Jonty Summers, managing director of Hanover Middle East, said that while the true prevalence off mental health stress in the Middle East workplace is difficult to estimate, the issue undoubtedly exists.

"Certainly, where you have an intersection of creativity and deadlines; people with a leaning towards perfectionism (which is certainly the PR community); challenging expectations and, perhaps, a requirement for ‘presenteeism’ in the office, your teams are going to find it hard to turn up and do great work."
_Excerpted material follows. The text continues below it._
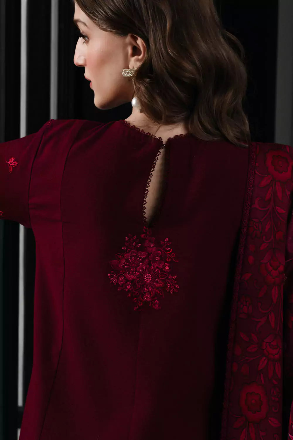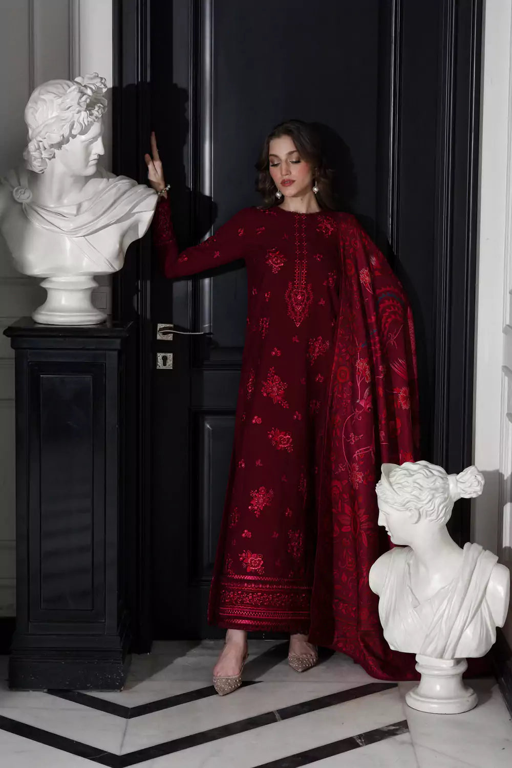 This exquisite maroon karandi three piece set is crafted with refined elegance. The embroidered karandi shirt is adorned with intricate traditional motifs, creating a rich and graceful look. It is paired with a matching karandi trouser for a classic silhouette. The ensemble is completed with an digital printed wool shawl, adding depth and sophistication. Perfect for festive occasions and winter gatherings, this outfit reflects timeless charm and luxurious craftsmanship.

Summers said Hanover integrated a scheme called the Employee Assistance Programme, provided by GuidanceResources, earlier this year. It offers counselling, legal and financial consultation, and crisis intervention services to employees and their dependents. 

People can speak to a qualified counsellor in their own language about a range of emotional, financial, legal or work-life concerns. The service provides free short-term counselling with local experts who can help with emotional concerns, including anxiety, depression, stress, grief, loss, life adjustments, relationship and partner conflicts.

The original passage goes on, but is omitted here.